NEONATAL SOCIETY ABSTRACTS
A study of the relationship between serum angiotensin-converting enzyme (ACE) concentration, ACE genotype, and markers of insulin resistance in premature infants
Presented at the Neonatal Society 2006 Summer Meeting (programme).
Mills L1, Redpath S1, Wallace M2, Jackson L1
1 Neonatal Unit, Princess Royal Maternity Hospital, Glasgow, UK
2 Department of Biochemistry, Glasgow Royal Infirmary, Glasgow, UK
Background: Angiotensin Converting Enzyme (ACE) genotype and Renin-Angiotensin (RAAS) axis activity may influence insulin-resistance and birth weight in humans. Polymorphisms of the ACE gene are common and the insertion-insertion (II) genotype has been associated with low birth weight and relative insulin-resistance in adulthood, yet no data exists for children.

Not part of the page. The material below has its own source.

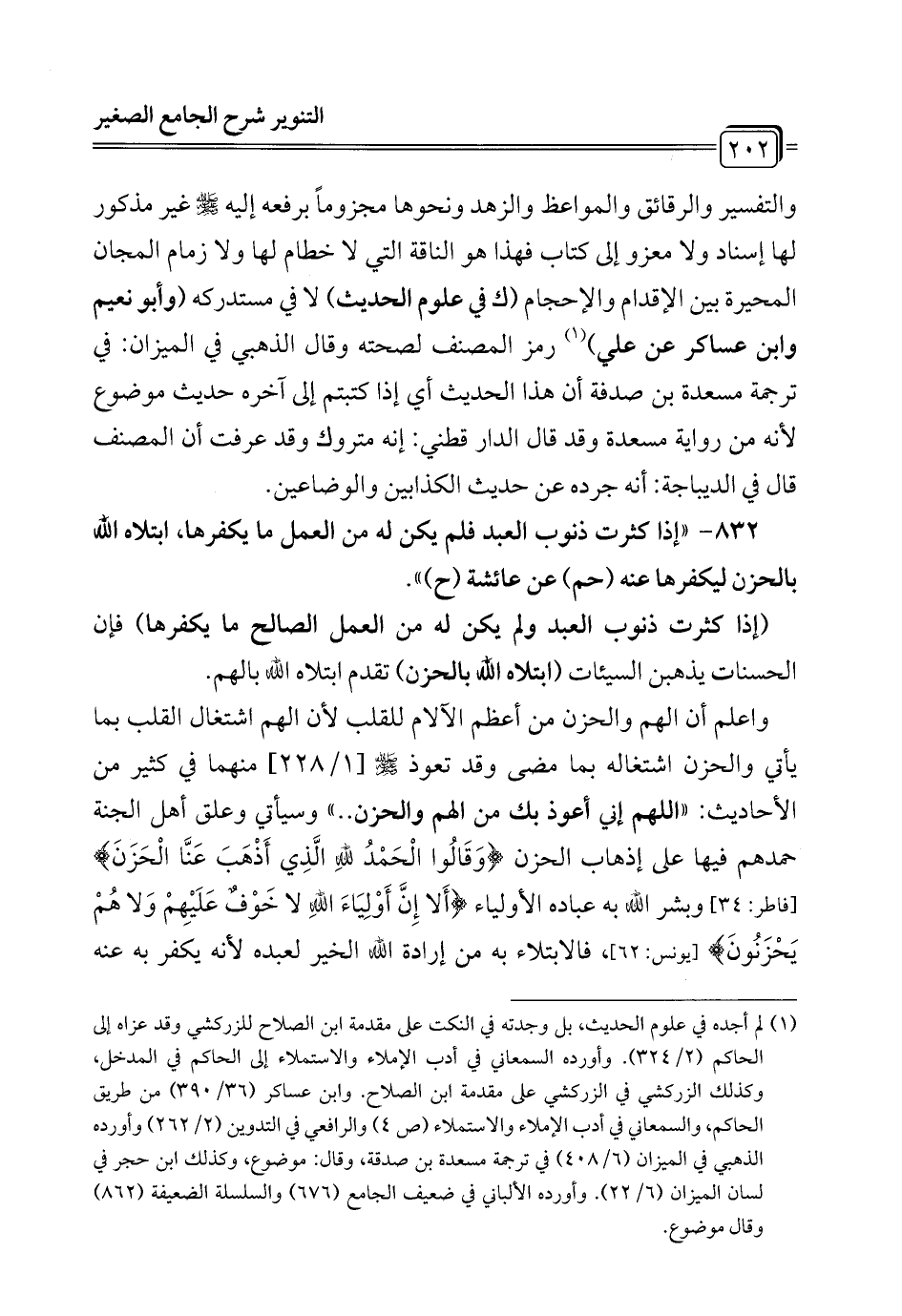 832 - " إذا كثرت ذنوب العبد فلم يكن له من العمل ما يكفرها، ابتلاه الله بالحزن ليكفرها عنه (حم) عن عائشة (ح) ".

Objectives: To evaluate the possible relationship between ACE insertion-deletion (ID) genotype, ACE level, and insulin resistance in a cohort of premature infants at 1 yr corrected gestational age.
Methods: Fasting insulin and glucose concentrations were obtained from a cohort of premature infants at the time of discharge from the neonatal unit and repeated at one year of age. Additional blood samples were obtained at one year of age for ACE level and genotype as well as HDL cholesterol and fasting triglycerides. A logarithmic transformation of the fasting glucose and insulin concentration was calculated, the QUICKI, as an estimate of relative insulin resistance. Simple correlation was used to identify relationships between ACE genotype and biochemical markers. Differences between groups were determined by parametric (independent t test) or non-parametric techniques (Mann-Whitney U test) depending on their distribution. Analysis was performed using SPSS.
Results: Forty infants participated (23 male; 17 female). Mean Birthweight 1.49kg (range 0.54kg-2.56kg). At one year of age, ACE genotype correlated with fasting insulin (r=-0.46, p=0.01), QUICKI (r=0.38, p=0.03) and ACE level (r=0.54, p<0.01). 7 infants had ACE genotype II, 25 infants ID and 7 infants DD. Infants with the ACE genotype II had surrogate markers of insulin-resistance relative to those with other genotypes (ID, DD): fasting insulin concentration (mean 14.7 vs 7.4 mU/L, U=36.5, p<0.01) and QUICKI (mean 0.55 vs 0.70, U=44.5, p=0.03). Infants with II genotype also had significantly lower ACE levels than those with ID and DD (mean 34.86 vs. 65.69, t(36)=-7.57, p<0.01).
Conclusions: At one year of age polymorphisms of the ACE genotype appear to influence markers of insulin resistance and ACE activity in keeping with that described in adult populations.